§ **Aim of the exercise**: Quote all of the data exactly as given. Skip every picture it contains.

___ Supplied data ___

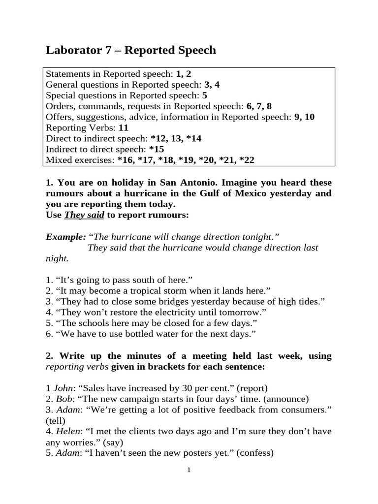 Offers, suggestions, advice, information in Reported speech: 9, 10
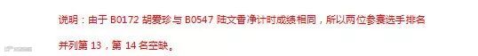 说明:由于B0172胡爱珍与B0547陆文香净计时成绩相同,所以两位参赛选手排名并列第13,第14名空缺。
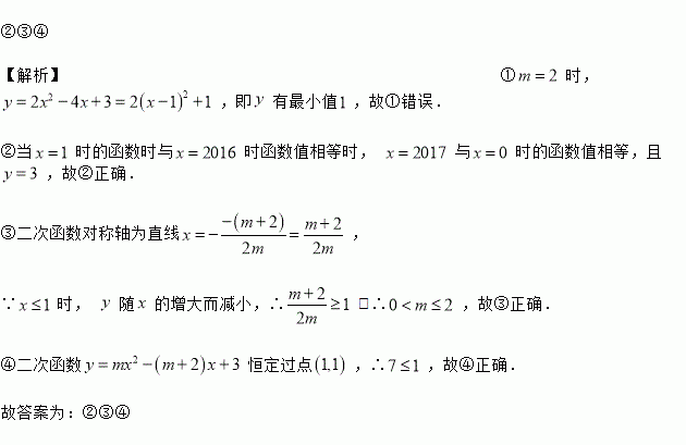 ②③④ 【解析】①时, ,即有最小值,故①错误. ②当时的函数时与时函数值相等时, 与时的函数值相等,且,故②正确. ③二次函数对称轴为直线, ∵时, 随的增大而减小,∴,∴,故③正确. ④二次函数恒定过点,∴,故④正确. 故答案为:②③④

___

§ **Result for this exercise**:
 Offers, suggestions, advice, information in Reported speech: 9, 10
 说明:由于B0172胡爱珍与B0547陆文香净计时成绩相同,所以两位参赛选手排名并列第13,第14名空缺。
 ②③④ 【解析】①时, ,即有最小值,故①错误. ②当时的函数时与时函数值相等时, 与时的函数值相等,且,故②正确. ③二次函数对称轴为直线, ∵时, 随的增大而减小,∴,∴,故③正确. ④二次函数恒定过点,∴,故④正确. 故答案为:②③④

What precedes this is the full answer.